Discovers controllers via ApplicationController.descendants (and ActionController::API.descendants if present)
Builds a routes map from Rails.application.routes at initialization time
Route context is inlined in source_code as a comment header, not just in metadata
Chunks per-action: each action becomes a :action chunk with its applicable filters and route
Metadata includes permitted params (strong parameters), response formats, and applied filters per action
Extracts redirect_to navigation edges: named route helpers (posts_path, users_url) are resolved to controller targets via RouteHelperResolver, producing :redirect_to dependency edges (gated by extract_navigation_edges config)

Edge cases:

API-only controllers (ActionController::API descendants) are included when the gem is present
Controllers with no corresponding routes still get extracted (they may be base classes)

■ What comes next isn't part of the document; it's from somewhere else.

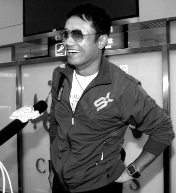 昨日,苗僑偉、成奎安、泰迪羅賓等三十幾位來渝參加足球表演賽的香港明星乘坐CA0420從香港飛來重慶,風采依舊,戴著茶色墨鏡的帥哥苗僑偉一出關便被記者逮了個正著。苗僑偉和善地停下了腳步跟記者打招呼。巧的是,本報特派香港記者張悅斯與苗僑偉同機抵渝。張悅斯透露,苗僑偉跟其他明星不同,只有他一個人坐的頭等艙A1的位置,一位貌似助手的男子陪同他坐在A3的位置并替他牢牢拉住隔擋的簾布,飛行全程兩人都用粵語交談著。張悅斯曾試圖找苗僑偉采訪,但立馬被空姐發(fā)現攔了下來。

Example output (abbreviated):

json

{
  "type": "controller",
  "identifier": "OrdersController",
  "metadata": {
    "actions": ["index", "show", "create", "update"],
    "routes": [
      { "verb": "GET", "path": "/orders", "action": "index" },
      { "verb": "POST", "path": "/orders", "action": "create" }
    ],
    "filters": {
      "before": ["authenticate_user!", "set_order"],
      "after": ["track_event"]
    }
  }
}

ServiceExtractor

What it captures: Service objects, interactors, operations, commands, and use cases — the "business logic layer." Discovers them by scanning conventional directories for Ruby files.

Key details:

Scans: app/services, app/interactors, app/operations, app/commands, app/use_cases
Extracts public entry points (call, perform, execute, run), custom error classes, and dependency references
File-based discovery (not class introspection), so it catches services with non-standard superclasses

Example output (abbreviated):

json

{
  "type": "service",
  "identifier": "CheckoutService",
  "metadata": {
    "entry_points": ["call"],
    "custom_errors": ["CheckoutService::PaymentFailedError"],
    "dependencies": ["Order", "PaymentProcessor"]
  }
}

JobExtractor

What it captures: ActiveJob workers and Sidekiq workers. Scans job directories, then supplements with ApplicationJob.descendants for anything discovered at runtime but not found via files.

Key details:

Scans: app/jobs, app/workers, app/sidekiq
Extracts queue name, retry configuration, concurrency options, perform method arguments, and callbacks
Records what triggers this job (reverse lookup via dependency graph after extraction)
Supports both ActiveJob and Sidekiq native workers

Example output (abbreviated):

json

{
  "type": "job",
  "identifier": "ProcessOrderJob",
  "metadata": {
    "queue": "default",
    "retry_on": ["Stripe::APIError"],
    "perform_args": ["order_id"],
    "adapter": "ActiveJob"
  }
}

MailerExtractor

What it captures: ActionMailer classes with their mailer actions, defaults, template paths, callbacks, and helper usage.

Key details:

Discovers via class introspection (ActionMailer::Base.descendants)
Each mailer action corresponds to an email template — template paths are recorded in metadata
Extracts default from:, layout, and per-action subject patterns

ConfigurationExtractor

What it captures: Rails initializers (config/initializers/**/*.rb) and environment files (config/environments/*.rb). Also extracts a behavioral profile from the resolved Rails.application.config values at runtime.

Key details:

BehavioralProfile introspects live config using respond_to?/defined? guards — a missing config section produces nil, not an error
Captures: asset pipeline config, middleware additions, cache store, logger config, and custom initializer logic
One unit per config file, plus one special :behavioral_profile unit per environment

RouteExtractor

What it captures: Every route in the Rails routing table via Rails.application.routes.routes. Each route becomes its own ExtractedUnit.

Key details:

Pure runtime introspection — reads the live routing table, not config/routes.rb AST
Each unit's identifier is "VERB /path" (e.g., "POST /orders")
Records controller, action, route name, and constraints
Since routes don't map to individual files, incremental re-extraction skips this type (always full)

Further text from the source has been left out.